Twelve lines. Basically a placeholder. But it exists — and that matters, because this is what Hermes builds on.
Day 2: First Sign of Learning
I didn't touch anything.
Day 2 came back with 5 items. The TechCrunch pieces were gone. Hermes had started pulling from Hacker News and GitHub Releases — better signal sources. One item was still irrelevant (a VentureBeat funding round that mentioned AI in the headline), but the other four were legitimately useful.

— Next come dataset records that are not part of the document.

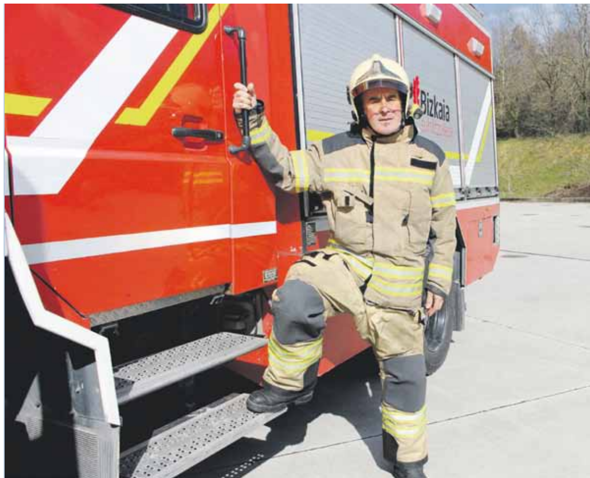
Etxaburuk 33 urte eman ditu Iurretako suhiltzaileen parkean. Duela urtebetetik hona, Uriosteko parkean dihardu kaboak.

Motoponpa batzuk eskuz igo genituen. Oizko errekatxo ba-
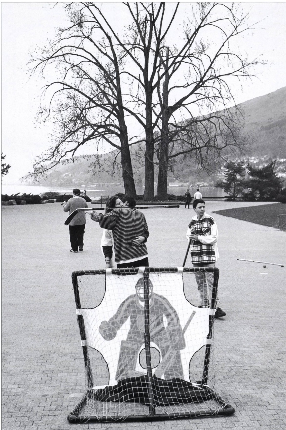
Lac de Bienne. Printemps 1997.
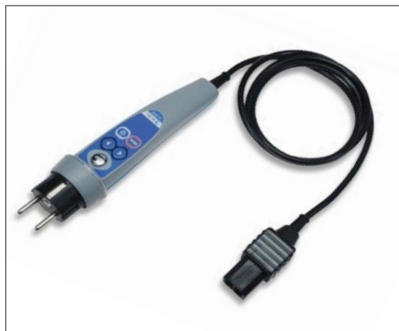
A1314 : Sonde active 2P+T
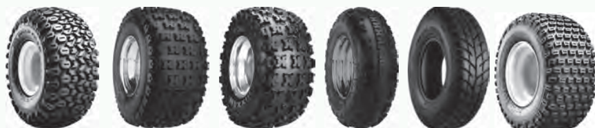
HD Field Trax Razr Razr 2 Razr MX Spearz Turf Tamer
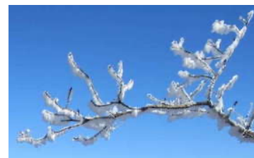
三峰山の霧氷

*バス・列車の時刻と集合時間は2021年の実績。2022年分は12月中旬に確定見込、 2月山歩案内にて確定版を案内します。
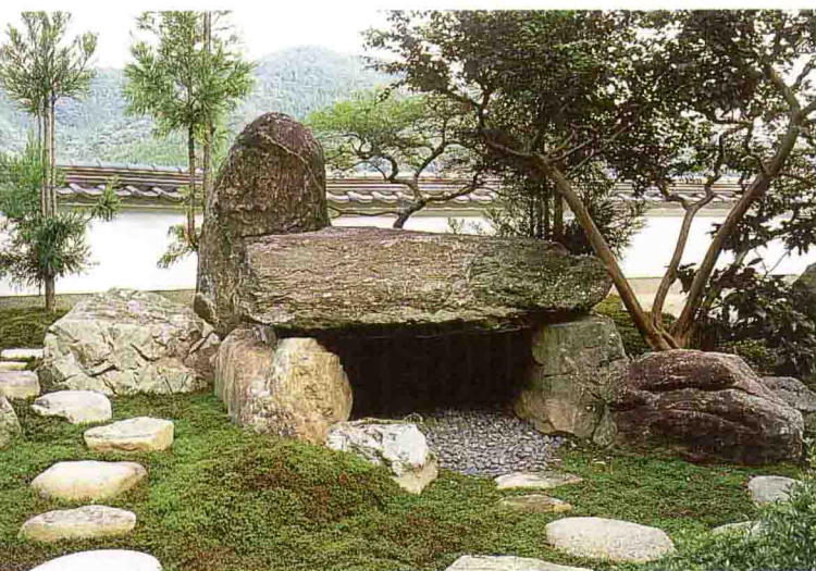
石洞窟是被认为能表达蓬莱仙境的意象石组之一，故以石洞窟作为庭院的一景。（设计/吉河功）
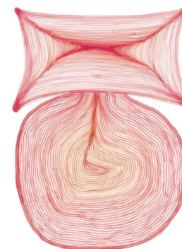
Spiral flower flower / impresión numérica. 1x50 cm. 2012 madrid
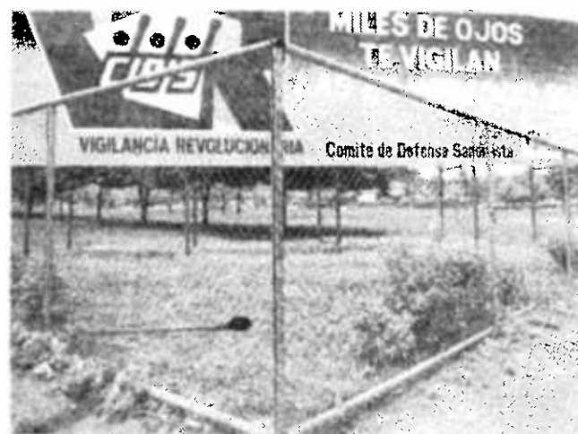
Valle sandinista en Managua

Es oportuno citar aquí las palabras de Eloy Gutiérrez Menoyo que el 21 de octubre de 1978 declaró desde una prisión de Cuba comunista: "NO CREO QUE HAYA ALGUIEN OPUESTO A ESTA LIBERACION DE PRESOS... NADIE PUEDE Oponerse a eso después de los años que hemos pasado aquí y lo que hemos sufrido... TODO LO QUE SE NECESITA ES UNA NOTIFICACION DEL GOBIERNO". Y para concluir agregó "HAY UNA TERCERA CUESTION QUE SI REQUIERE UN DIALOGO: EL PROBLEMA DE LA LIBERACION DE CUBA... LIBERTAD DE PRENSA... LO DIGO PORQUE CONSIDERO QUE UN DIALOGO SERIA UTIL, PERO ACERCA DE COSAS MAS FUNDAMENTALES". Lo más fundamental para nosotros los cubanos sin condiciones es la libertad total de nuestra patria.
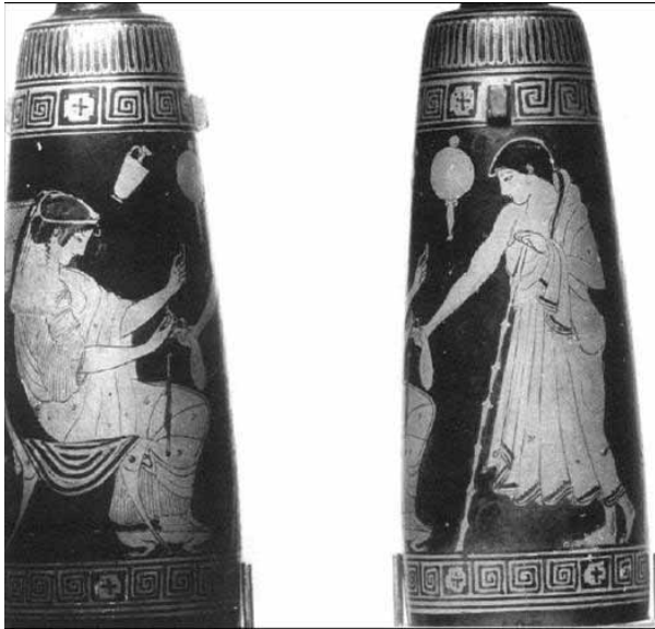
Obrázek 4. Hetéra (priadka) a jej zákazník, Maliar Pana, okolo 470 p. n. l.
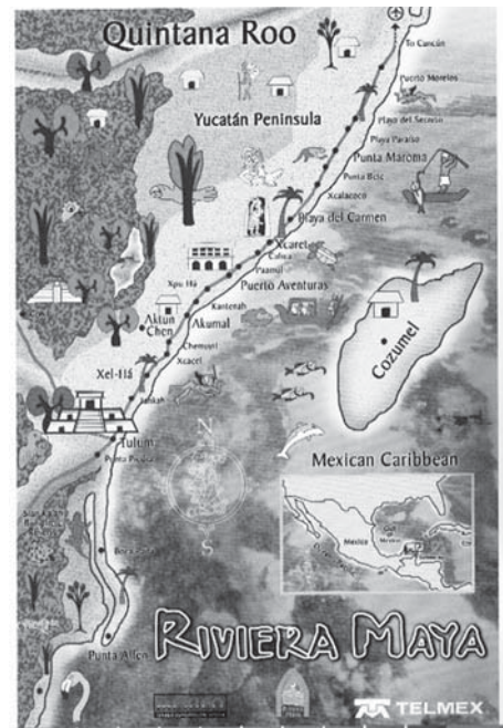
Fig. 2 Mapa de Riviera Maya, elaborado por el Fideicomiso de la Promoción Turística de Riviera Maya

El Mundo Maya ha impuesto unas imágenes nuevas que originalmente no tenía esta región, por varios medios como los libros de guía turística, la publicidad de las agencias de viaje, internet, la revista del mismo nombre
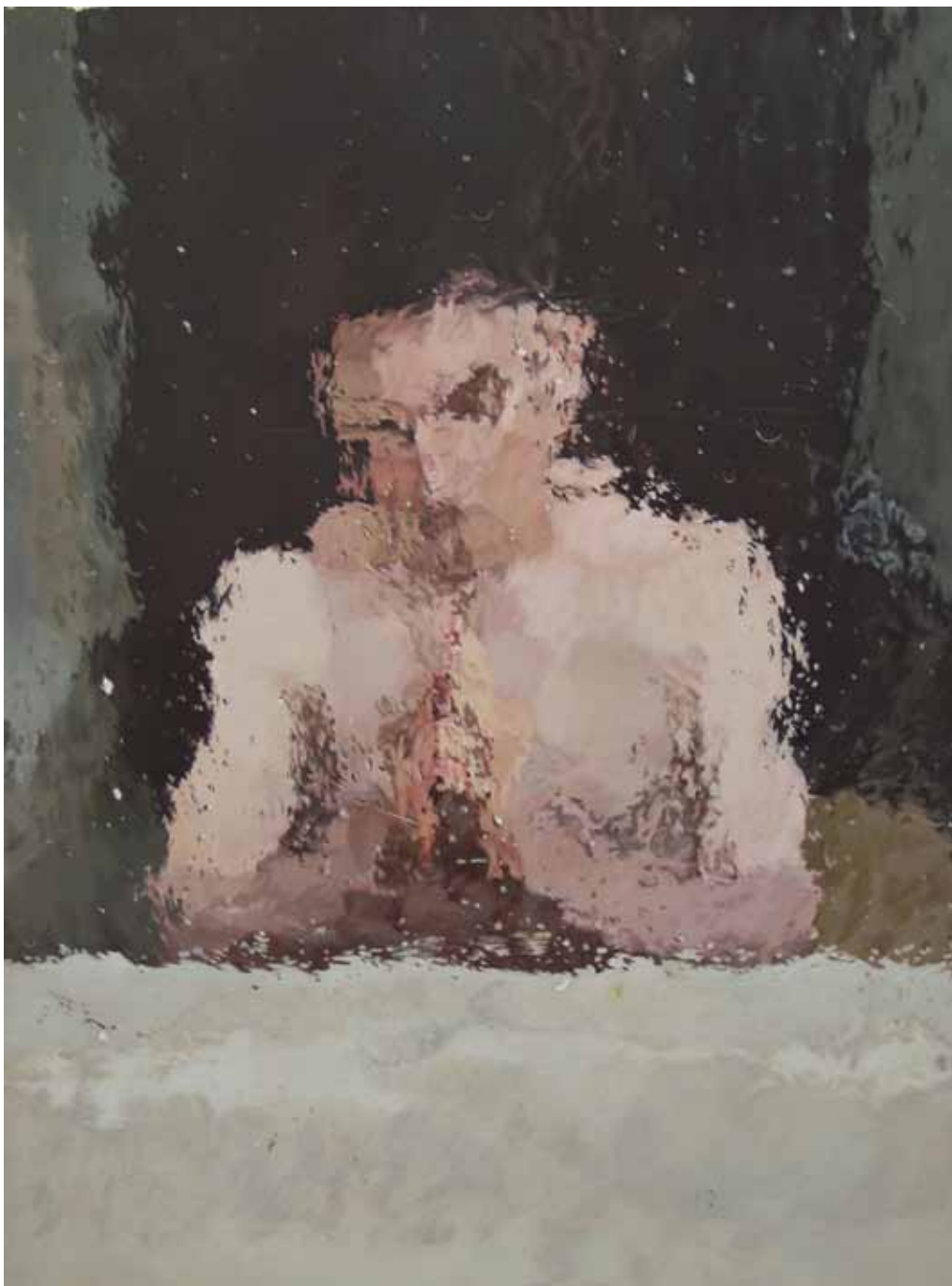
IA9, acrylique sur papier marouflé sur bois, 40 x 30 cm, 2015
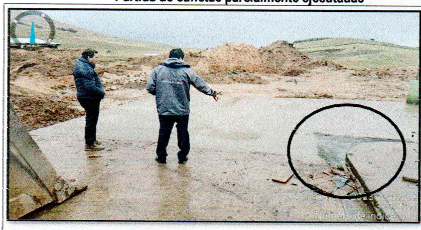
Imágenes n.º 1 Partida de cunetas parcialmente ejecutadas

Tales hechos se muestran en las siguientes imágenes:
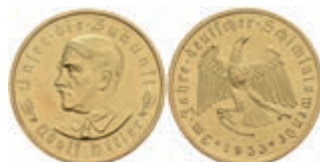
736 Adolf Hitler, Goldmedaille (Dm. 23 mm, 6,48g), 1933, unsigniert, auf die Ereignisse des Jahres. Av: Brustbild Hitlers nach links, darum Umschrift. Rev: Adler mit zerrissenen Fesseln, darum "Im Jahre deutscher Schicksals-wende 1933". Mit Randschrift "Preuss. Staatsmuenze Gold 18 Kar.", f. st. 1000,—
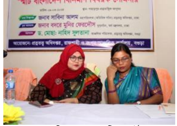
পাহাড়পুর প্রত্নতাত্ত্বিক জাদুঘরে অনুষ্ঠিত “স্মার্ট বাংলাদেশ বিনির্মাণ” বিষয়ক সেমিনার চলাকালে মহাপরিচালক মহোদয় ও আঞ্চলিক পরিচালকের আলাপচারিতার একাংশ (০৯-০৩-২০২৪)
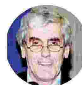
A sinistra la copertina del suo libro "Gustav Mahler e l'incontro mistico di poesia e musica" in alto una sua foto

particolare il versante del rapporto romano-germanico e quello romano-celtico. In tale settore, una significativa per quanto parziale esemplificazione la si trova nel volume 'Romanobarbarica. Scritti scelti', edito da Sismel nel 2017. I vertici delle sue ricerche in tale ambito sono i volumi 'Storia culturale dei rapporti tra mondo romano e mondo germanico' pubblicato da Herder nel 1992, per il quale ha ricevuto in Campidoglio il 'Praemium Urbis', e 'La formazione della cultura europea occidentale, sempre per i tipi della
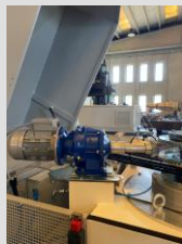
Gruppo pulizia fango
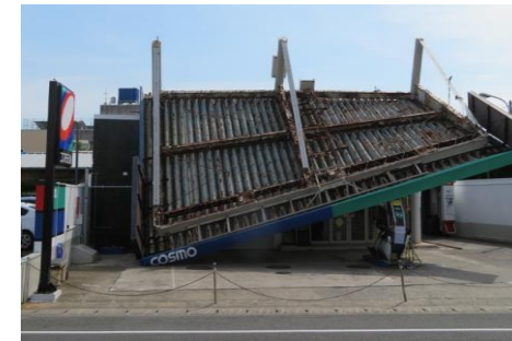
令和元年台風15号による建物の倒壊 (2019年9月)

○ 相次ぐ災害で融資を受け、多重債務を抱える被災事業者の資金繰りや販路開拓等へのきめ細かな支援、福島イノベーション・コースト構想の実現、原発処理水の海洋放出に伴う風評被害の防止や補償の必要性等を政府与党に提言する

The summaries were longer. They had context, not just restatements. One of them noted that a specific library update was a breaking change — information that wasn't in the headline but was in the release notes. Hermes had gone deeper.
The Telegram format was cleaner. Numbered list. Each item had a title, a one-sentence summary, and a link.
Skill file, end of Day 2:
# skill: daily_ai_digest
version: 1.2
created: 2026-05-09
last_improved: 2026-05-10
## task
Find and deliver 3 relevant AI/dev news items.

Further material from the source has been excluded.